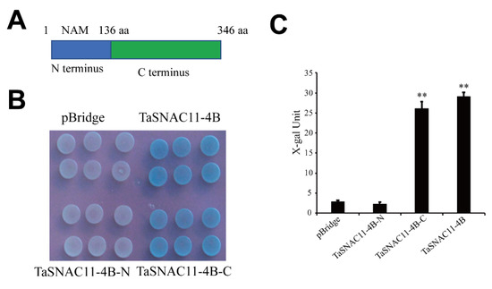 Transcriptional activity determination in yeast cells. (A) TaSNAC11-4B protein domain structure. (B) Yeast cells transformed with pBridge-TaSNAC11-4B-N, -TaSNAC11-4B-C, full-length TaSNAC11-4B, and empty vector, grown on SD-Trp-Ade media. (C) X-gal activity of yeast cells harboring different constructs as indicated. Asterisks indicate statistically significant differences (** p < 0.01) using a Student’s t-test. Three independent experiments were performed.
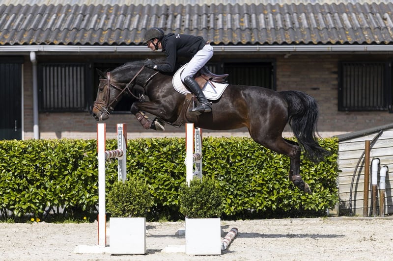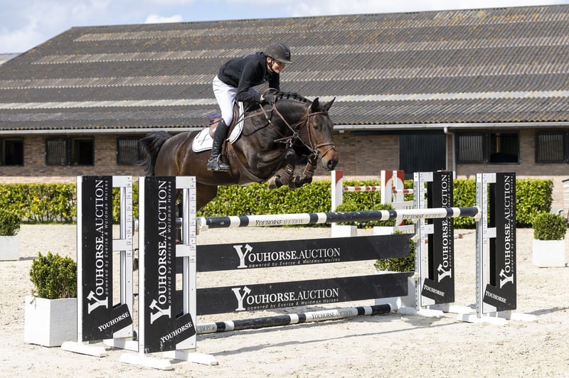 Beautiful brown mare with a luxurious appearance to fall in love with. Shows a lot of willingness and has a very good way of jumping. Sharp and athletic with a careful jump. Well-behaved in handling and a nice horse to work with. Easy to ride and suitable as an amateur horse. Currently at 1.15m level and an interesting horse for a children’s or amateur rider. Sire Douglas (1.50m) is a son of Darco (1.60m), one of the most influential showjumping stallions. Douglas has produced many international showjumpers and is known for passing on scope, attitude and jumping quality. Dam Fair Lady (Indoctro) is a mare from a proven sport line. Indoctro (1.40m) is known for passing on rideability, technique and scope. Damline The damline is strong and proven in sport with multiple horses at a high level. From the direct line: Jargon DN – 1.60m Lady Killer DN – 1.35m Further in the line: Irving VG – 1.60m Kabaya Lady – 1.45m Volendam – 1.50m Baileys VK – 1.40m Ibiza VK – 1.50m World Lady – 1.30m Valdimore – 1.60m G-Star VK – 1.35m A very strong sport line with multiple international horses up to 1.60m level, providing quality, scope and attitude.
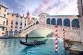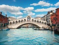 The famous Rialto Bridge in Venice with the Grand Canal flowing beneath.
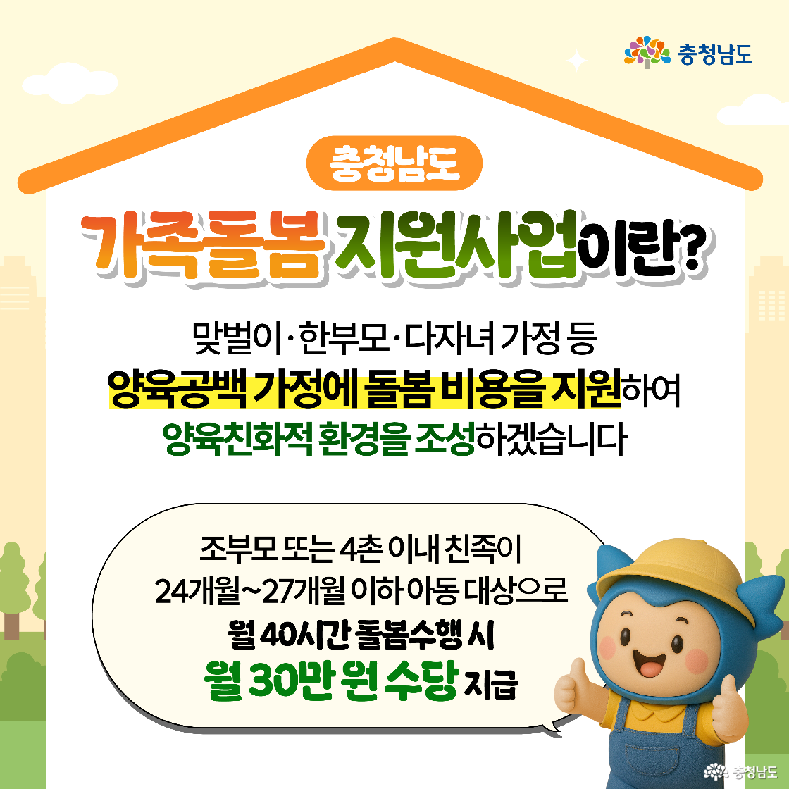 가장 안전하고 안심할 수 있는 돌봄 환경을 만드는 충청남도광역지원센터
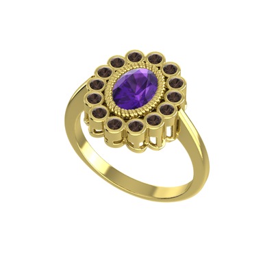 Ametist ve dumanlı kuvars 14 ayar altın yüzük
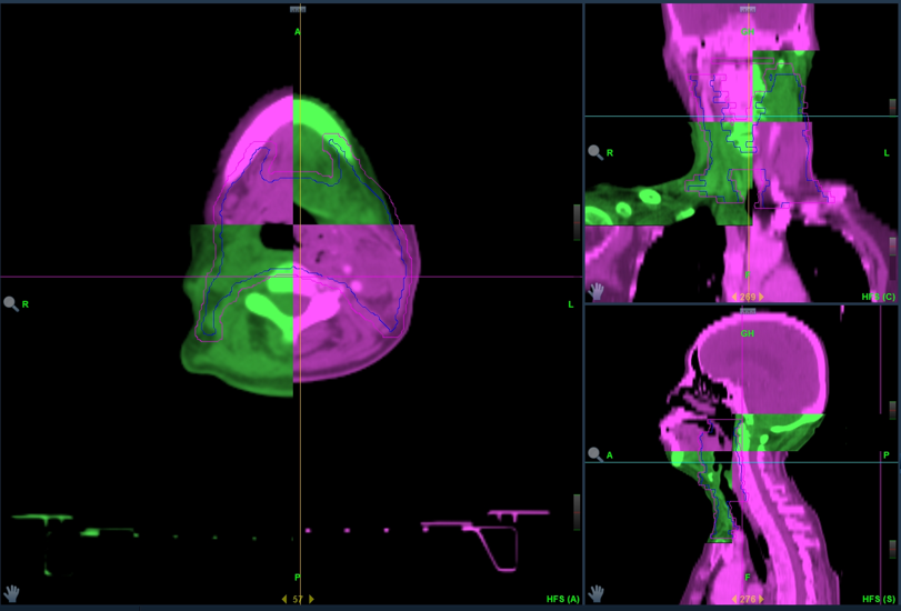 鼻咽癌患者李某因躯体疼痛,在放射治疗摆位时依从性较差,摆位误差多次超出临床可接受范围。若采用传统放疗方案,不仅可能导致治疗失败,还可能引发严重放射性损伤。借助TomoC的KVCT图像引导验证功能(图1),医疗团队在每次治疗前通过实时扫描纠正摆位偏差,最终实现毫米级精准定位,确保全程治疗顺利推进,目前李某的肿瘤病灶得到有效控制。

INSTRUCTIONS TO FOLLOW:
All that is required is the lines from the line containing "Ametist ve dumanlı" through the end of the records above, copied exactly, and none of the pictures.

FINAL ANSWER:
 Ametist ve dumanlı kuvars 14 ayar altın yüzük
 鼻咽癌患者李某因躯体疼痛,在放射治疗摆位时依从性较差,摆位误差多次超出临床可接受范围。若采用传统放疗方案,不仅可能导致治疗失败,还可能引发严重放射性损伤。借助TomoC的KVCT图像引导验证功能(图1),医疗团队在每次治疗前通过实时扫描纠正摆位偏差,最终实现毫米级精准定位,确保全程治疗顺利推进,目前李某的肿瘤病灶得到有效控制。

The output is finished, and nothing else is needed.